(Task inputs begins)

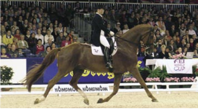
Isabell Werth ratsasti koko finaalin riskirajoilla. Näyttävä suoritus palkittiin kakkostilalla, josta olisi voinut antaa enemmänkin prosentteja kuin reilut 81.
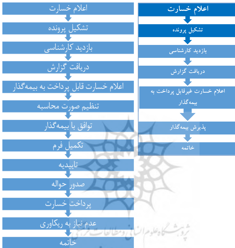
شکل ۳. پرتکرارترین الگوی مسیر انجام فعالیت‌های فرایند (الگوی اول و دوم)

جهت بررسی بیشتر و یافتن الگوهای پر تکرار فرایند، داده‌ها خوشه‌بندی می‌شوند. دو الگوی شکل (۴) بیشترین مسیر تکرار شده را نشان می‌دهد.
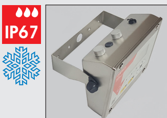
Support mural de série
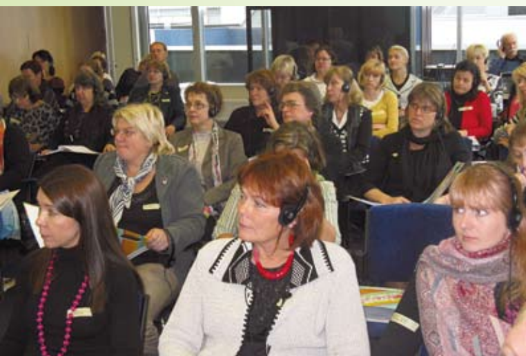
Täiskasvanute gümnaasiumide ja kutsekoolide õpetajad tutvusid Suurbritannia kogemustega. Sügis 2010

(Task inputs ends)

Work task — Starting from the records above, filter out all lines except those containing the word "مسیر".

Answer for this exercise —
شکل ۳. پرتکرارترین الگوی مسیر انجام فعالیت‌های فرایند (الگوی اول و دوم)
جهت بررسی بیشتر و یافتن الگوهای پر تکرار فرایند، داده‌ها خوشه‌بندی می‌شوند. دو الگوی شکل (۴) بیشترین مسیر تکرار شده را نشان می‌دهد.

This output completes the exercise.